#### [Exercise]
Please return the full listing exactly as written, with the images removed.

#### [Exercise material]
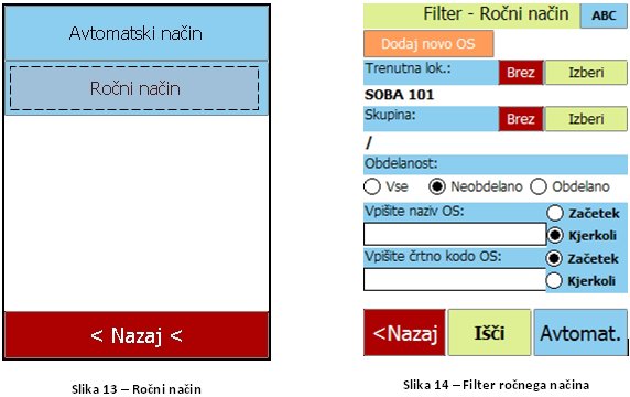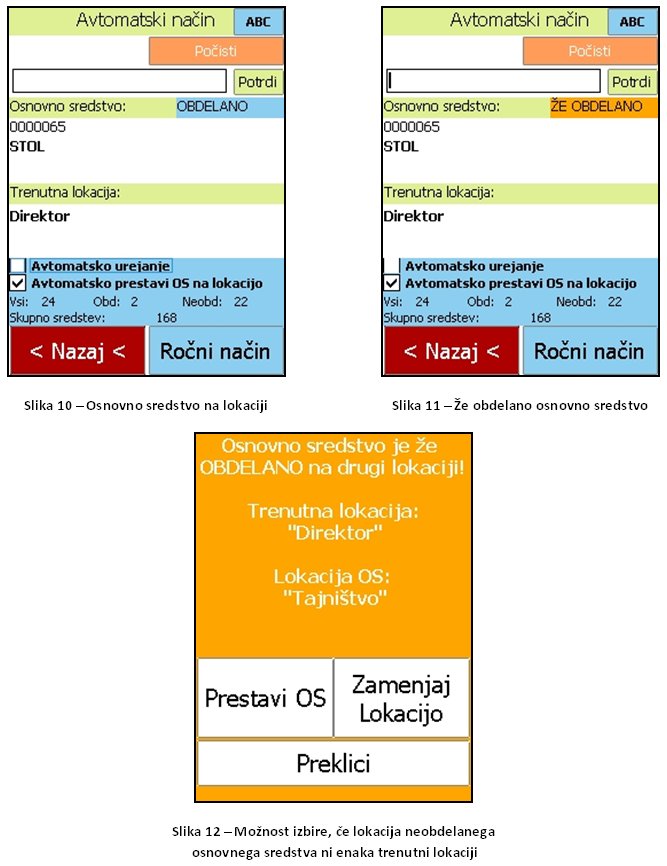 Posnetki zaslonov nadgrajenega terminalskega dela re?itve inventura osnovnih sredstev
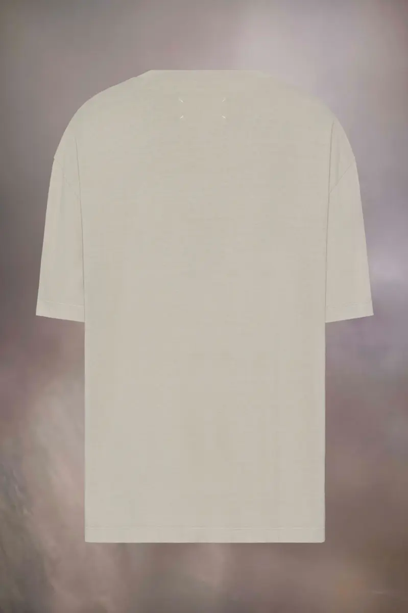 The oversized T-shirt comes in cotton jersey with a round neck and classic short-sleeved silhouette. It features a printed numeric logo across the chest. Maison Margiela’s signature, the four stitches, appear at the back; the opposite of a label.
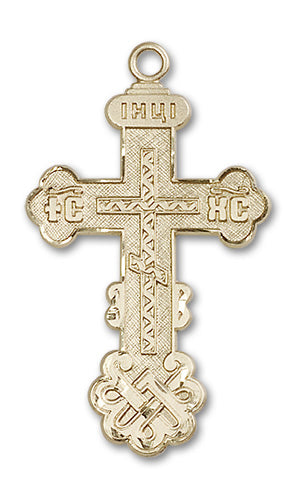 This cross is 1 1/2 x 7/8 inches in size. Our handmade crosses are available in Sterling Silver, 14kt Yellow Gold, and 14kt Gold-Filled. Choose a custom chain of your own styling.
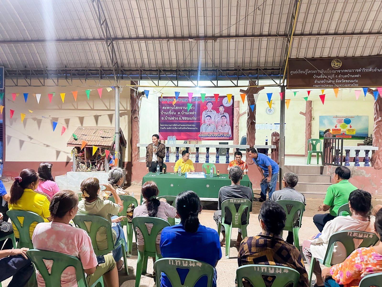 10/10/2025ประชาคมเพื่อรับฟังความคิดเห็นจากประชาชนใน “โครงการก่อสร้างสะพานโสกจันเกี้ยว” ณ บ้านเขื่อน ตำบลบ้านเหล่า อำเภอบ้านฝาง จังหวัดขอนแก่น
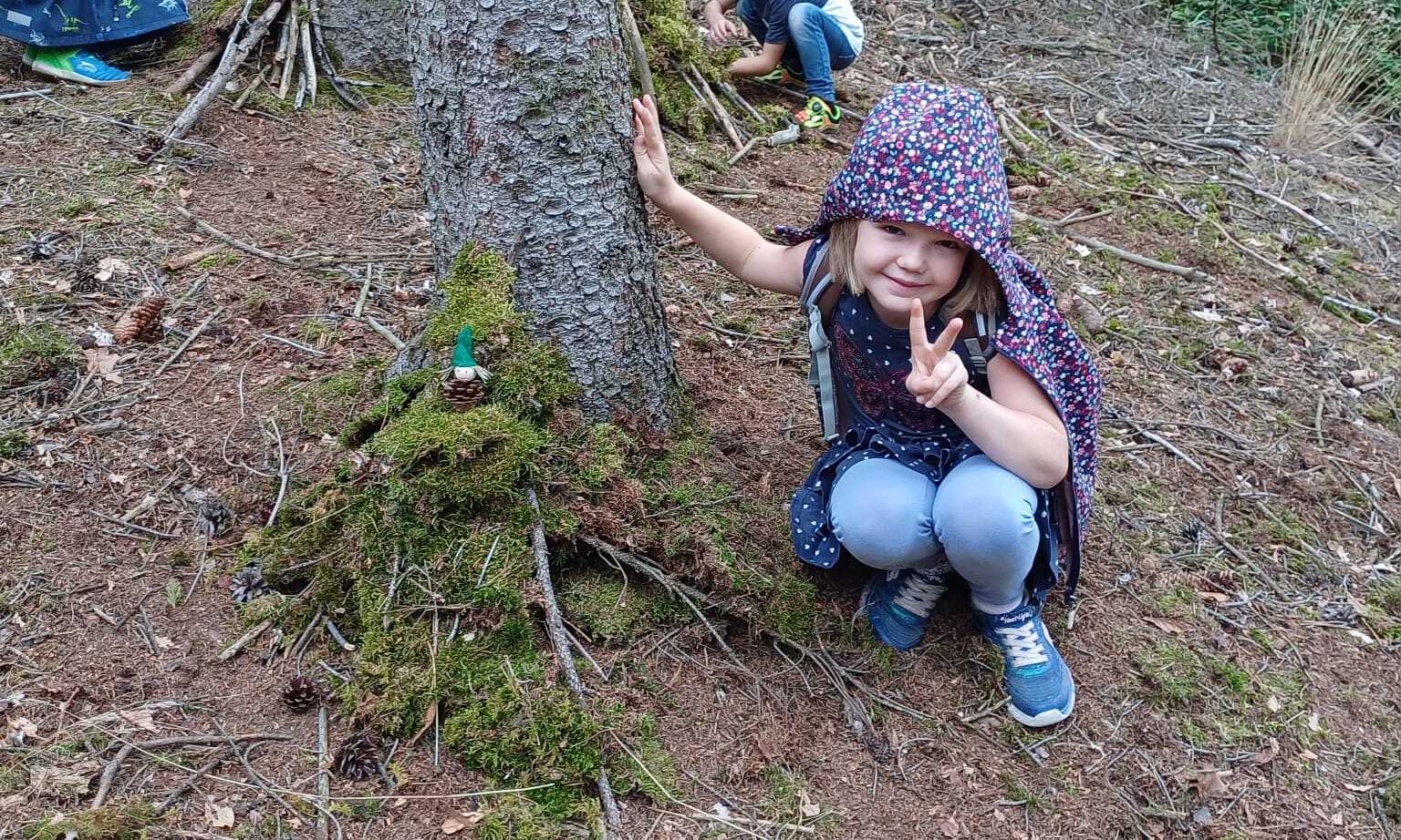 Auf einer Lichtung bekamen die Kinder die Aufgabe, Wichtel zu suchen. Hernach sollten die Kinder den Wichteln ein Häuschen aus Moos, Stäben und Zapfen, etc. bauen. Das war eine grandiose Idee! Die Kinder suchten in Kleingruppen das nötige Material und den richtigen „Baugrund“, damit sie richtig loslegen konnten. Dabei entstanden Straßen, Zelte, Häuschen mit Anbau u.v.m. Der Phantasie waren keine Grenzen gesetzt und der Zeit anscheinend auch nicht. Denn als wir zur Jause beim Adlersberger Kreuz aufbrechen wollten, hatten viele gar nicht Zeit dazu. Aber dafür durften die Wichtel mit den Kindern mitkommen. Schließlich lockte doch die gute Jause, die Anni Schnetzlinger vorbereitet hatte und gestärkt und zufrieden traten wir den Rückweg an.

#### [Answer space]
 Posnetki zaslonov nadgrajenega terminalskega dela re?itve inventura osnovnih sredstev
 The oversized T-shirt comes in cotton jersey with a round neck and classic short-sleeved silhouette. It features a printed numeric logo across the chest. Maison Margiela’s signature, the four stitches, appear at the back; the opposite of a label.
 This cross is 1 1/2 x 7/8 inches in size. Our handmade crosses are available in Sterling Silver, 14kt Yellow Gold, and 14kt Gold-Filled. Choose a custom chain of your own styling.
 10/10/2025ประชาคมเพื่อรับฟังความคิดเห็นจากประชาชนใน “โครงการก่อสร้างสะพานโสกจันเกี้ยว” ณ บ้านเขื่อน ตำบลบ้านเหล่า อำเภอบ้านฝาง จังหวัดขอนแก่น
 Auf einer Lichtung bekamen die Kinder die Aufgabe, Wichtel zu suchen. Hernach sollten die Kinder den Wichteln ein Häuschen aus Moos, Stäben und Zapfen, etc. bauen. Das war eine grandiose Idee! Die Kinder suchten in Kleingruppen das nötige Material und den richtigen „Baugrund“, damit sie richtig loslegen konnten. Dabei entstanden Straßen, Zelte, Häuschen mit Anbau u.v.m. Der Phantasie waren keine Grenzen gesetzt und der Zeit anscheinend auch nicht. Denn als wir zur Jause beim Adlersberger Kreuz aufbrechen wollten, hatten viele gar nicht Zeit dazu. Aber dafür durften die Wichtel mit den Kindern mitkommen. Schließlich lockte doch die gute Jause, die Anni Schnetzlinger vorbereitet hatte und gestärkt und zufrieden traten wir den Rückweg an.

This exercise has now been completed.